A cross is still a cross, even if it is turned upside down. Both Aluk
Todolo and Coltrane's music are oriented towards an ecstatic mysticism.
The band's name points towards the Eastern philosophy John Coltrane was
so very much interested in: Aluk Todolo is the name of the religious
tradition of the Toraja people, polytheistic animists who live in the
mountainous region of South Sulawesi, Indonesia. But where Coltrane was
open to all the world's cultures because he was an inclusionary
humanist, Aluk Todolo uses the intercultural reference to send an
anti-enlightenment message. And where Coltrane, in Freudian terms, was
animated by the 'pleasure principle', Aluk Todolo is propelled by a
'death drive': the Toraja people is famous for their elaborate funeral
rites and their burial sites carved into rocky cliffs.
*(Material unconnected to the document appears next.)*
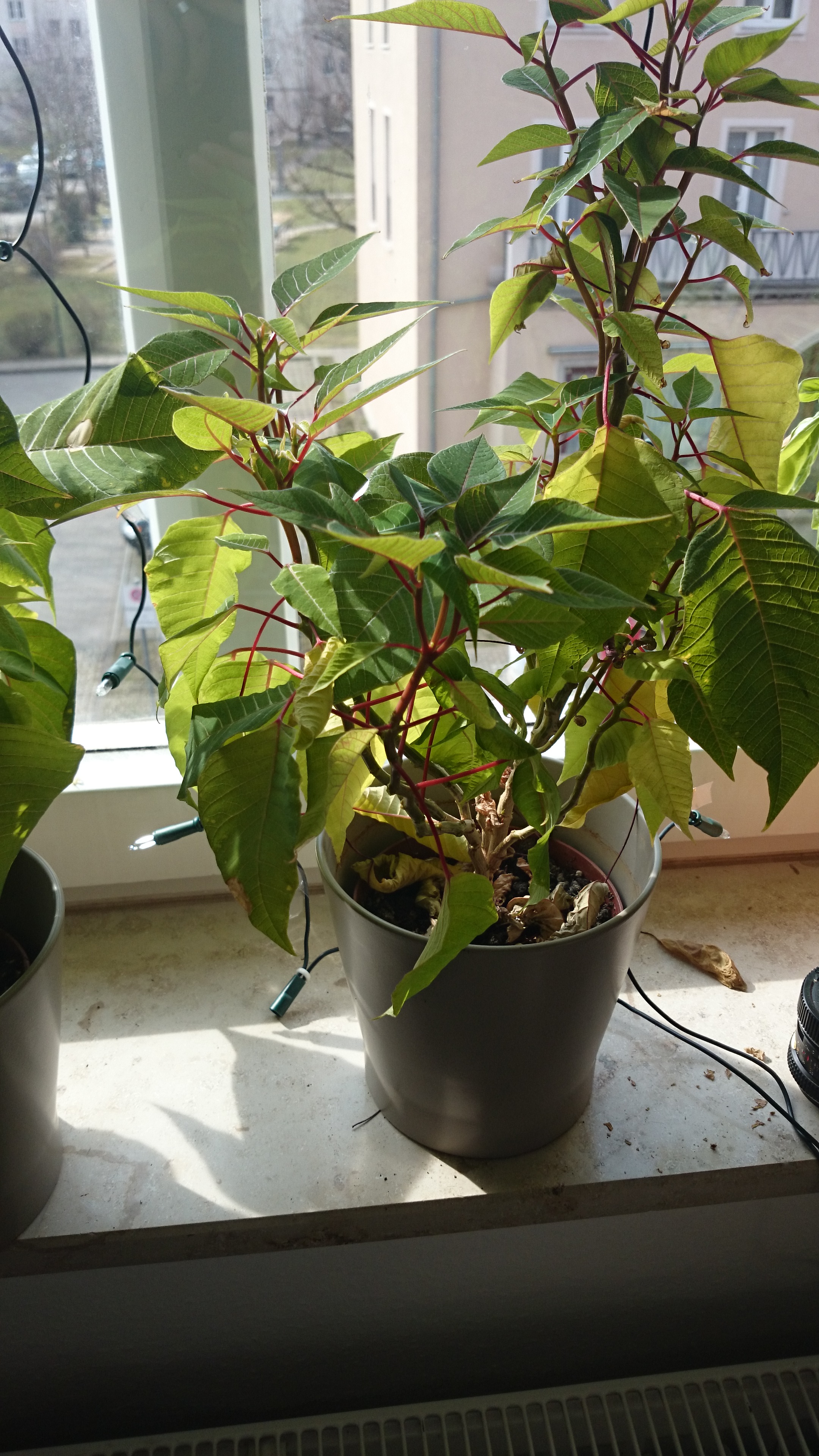 Seit etwas über einem Jahr besitze ich zwei Weihnachtssterne. Nachdem ich sie letztes Weihnachten als kleine Deko gekauft habe, haben sie sich im vergangenen Jahr sehr gut entwickelt und sind deutlich gewachsen. Zwar konnte ich sie dieses Jahr nicht zum Rotwerden überreden, aber das habe ich ihnen nicht übel genommen

Coltrane was very much interested in the Yoruba religion, in which
Afro-American divinities enter the body of the priests consecrated to
that spiritual being. Furthermore, Ascension's playing style is a sort
of glossolalia - speaking in tongues, ecstatically possessed by the Holy
Ghost. Likewise, in a Terrorizer interview Aluk Todolo's spokesman said
that the album "...was recorded during summer 2006 in the Alps, in
a cave. There, what lurks between the folds of the audible can become
real. We started recording at dusk, exhausted after several hours of
invocation. When we finally disappeared behind the forces we summoned,
we reached the conditions to record 'Descension'." Disappearing
behind spiritual beings doubtlessly refers to possession. Both
Coltrane's band at the time "Ascension" was recorded, and Aluk
Todolo can be described as trance possession cults. But where Coltrane
strove to incarnate a God who is "A Love Supreme", Aluk Todolo
channels malicious, hateful spirits.
Where the spiritual nature of "Ascension" is essentially
optimist, presenting an ecstatic yearning for a better world, for the
Kingdom Come, "Descension" points downwards, towards an
acephalic and ruined society, towards an abyss abandoned by God.
Descension's beautiful album cover art is an apt symbol of that: it is a
black and white photograph of a headless, broken and weathered statue of
the Buddha or an Eastern deity set against an old brick wall.
Aluk Todolo's "Descension" is a withering lotus flower, it's
leaves falling in mesmerizing stop-motion.